The values for --cpus-per-task correspond to nodes in the bdw partition. For the epyc partition you should set --cpus-per-task to 128.

Job Control

squeue

To view the currently allocated/running jobs, the sqeue command is available. By default all jobs will be shown. To limit the output to jobs of a specific user use the parameter -u:

squeue -u <username>

scancel

The command scancel cancels specific jobs identified by their job id, which is either printed while submitting your job or shown in the output of squeue:

scancel <jobid>

To cancel all jobs of a user, again use the parameter -u:

scancel -u <username>

sinfo

Shows various information about the state of the partitions.

MPI

The default MPI implementation on the compute servers is OpenMPI v4.1. All programs installed via default Linux packages will use this.

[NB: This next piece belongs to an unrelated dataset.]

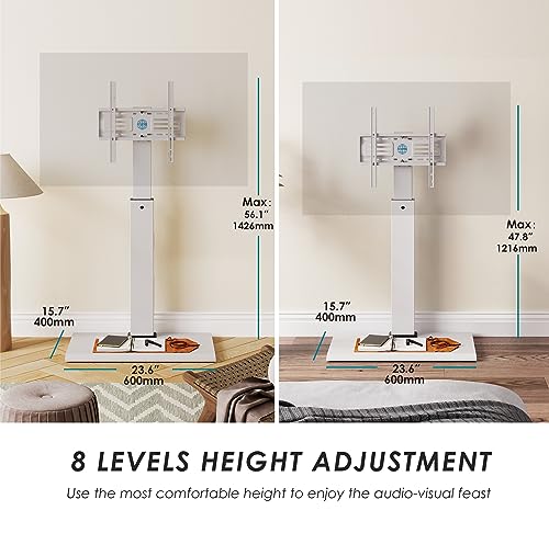 FITUEYES Supporto TV da Pavimento 1.43m con 25mm Ferro Base per 27-65 Pollici, 60° Girevole e 8 Altezza Regolabile Porta TV da Terra, Max VESA 400x400mm Portata 40kg (Bianco)

An example batch script will look like

#!/bin/bash

#SBATCH --nodes=2
#SBATCH --ntasks-per-node=2
#SBATCH --cpus-per-task=20
#SBATCH --mem=65536
#SBATCH --partition=bdw

srun --mpi=pmix my-program arg1 arg2 ...

which will launch a job with 4 MPI processes (ranks) with each process (rank) using 20 CPU cores and 64GB memory.

GPUs

A special partition gpu gives access to nodes equipped with different accelerators. The accelerator type is chosen via the gres option, which can either be

NVidia A100 using --gres gpu:a100:1
AMD MI210 using --gres gpu:mi210:2

It is advised to always allocate the full node for computations. The option list for batch scripts is

#SBATCH --partition gpu
#SBATCH --gres gpu:a100:1
#SBATCH --cpus-per-task=64
#SBATCH --hint=multithread
#SBATCH --mem=0

for the NVidia A100 and

#SBATCH --partition gpu
#SBATCH --gres gpu:mi210:2
#SBATCH --cpus-per-task=64
#SBATCH --hint=multithread
#SBATCH --mem=0

for the AMD MI210.

Note

Please note that you can only allocate up to 32 cores (including hyper threads) if only a single MI210 card is requested.

Note

For the AMD MI210 CUDA is not supported. Please use ROCm or HIP instead.

Tensorflow

Tensorflow requires specific combinations of CUDA (and cuDNN). It is therefore recommended to use virtual environments for Tensorflow.

For Tensorflow v2.13:

module load cuda/11.8
module load cudnn/8.6
python3 -m venv tf-2.13
tf-2.13/bin/pip install tensorflow==2.13
tf-2.13/bin/pip install nvidia-cudnn-cu11==8.6.0.163

For Tensorflow v2.14:

module load cuda/11.8
module load cudnn/8.7
python3 -m venv tf-2.14
tf-2.14/bin/pip install tensorflow==2.14
tf-2.14/bin/pip install nvidia-cudnn-cu11==8.7.0.84

Note

To list available versions of nvidia-cudnn-cu11 run pip install --use-deprecated=legacy-resolver nvidia-cudnn-cu11==

Matlab

To run Matlab programs using the batch system, copy the following lines into your batch script:

source /etc/profile.d/modules.sh
source /etc/profile.d/opt_local_modules.sh

module load matlab

matlab -nosplash -nodesktop -nojvm -r "run('myprogram.m');quit"

where your replace myprogram.m with the corresponding Matlab file containing your instructions.

Don’t forget to add additional resource requests for the number of tasks, CPU cores or main memory as described above.